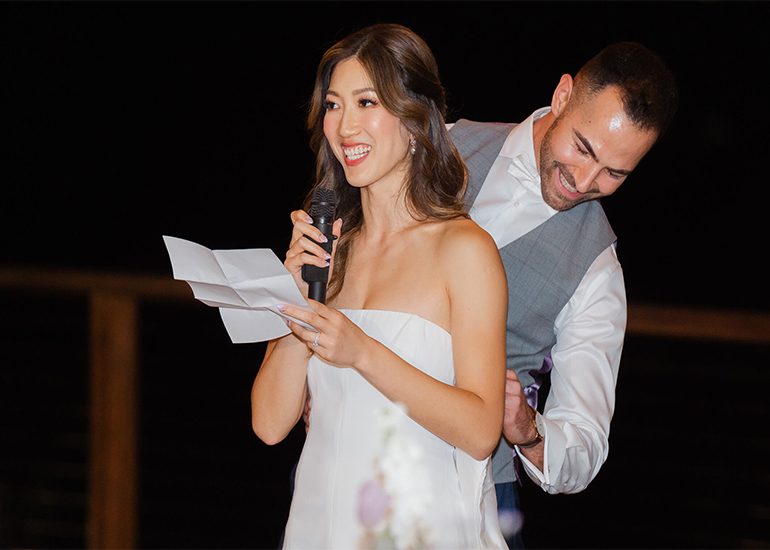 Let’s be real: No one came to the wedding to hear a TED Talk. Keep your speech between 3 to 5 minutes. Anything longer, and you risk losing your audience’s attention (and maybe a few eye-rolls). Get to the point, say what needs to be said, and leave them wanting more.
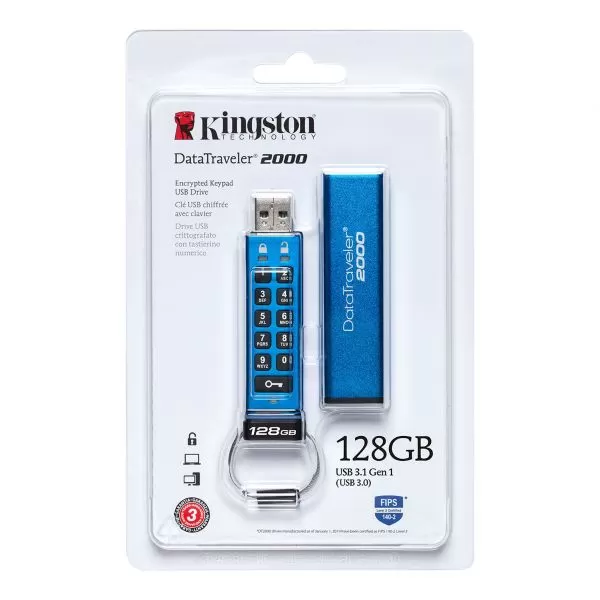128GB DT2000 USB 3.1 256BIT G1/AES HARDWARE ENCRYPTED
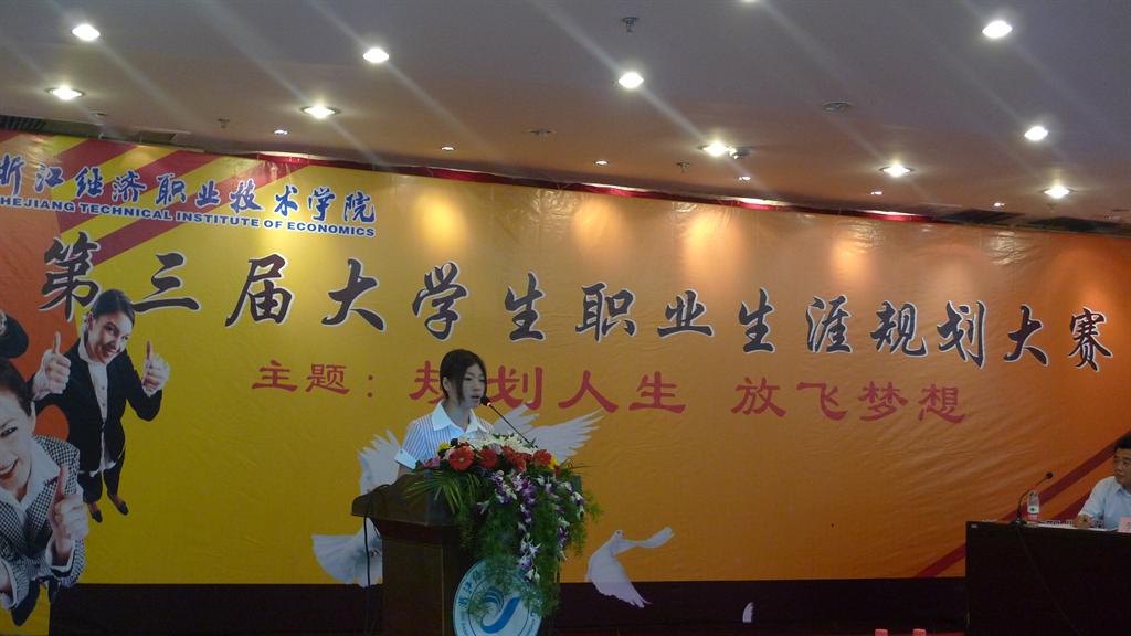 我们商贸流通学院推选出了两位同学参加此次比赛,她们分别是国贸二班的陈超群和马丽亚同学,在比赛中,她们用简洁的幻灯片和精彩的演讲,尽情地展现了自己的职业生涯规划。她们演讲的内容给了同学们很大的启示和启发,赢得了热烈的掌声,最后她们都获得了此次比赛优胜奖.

INSTRUCTIONS TO FOLLOW: When copying the material, leave every image behind and keep each line verbatim.

SOLUTION TO THE PROBLEM:
 Let’s be real: No one came to the wedding to hear a TED Talk. Keep your speech between 3 to 5 minutes. Anything longer, and you risk losing your audience’s attention (and maybe a few eye-rolls). Get to the point, say what needs to be said, and leave them wanting more.
128GB DT2000 USB 3.1 256BIT G1/AES HARDWARE ENCRYPTED
 我们商贸流通学院推选出了两位同学参加此次比赛,她们分别是国贸二班的陈超群和马丽亚同学,在比赛中,她们用简洁的幻灯片和精彩的演讲,尽情地展现了自己的职业生涯规划。她们演讲的内容给了同学们很大的启示和启发,赢得了热烈的掌声,最后她们都获得了此次比赛优胜奖.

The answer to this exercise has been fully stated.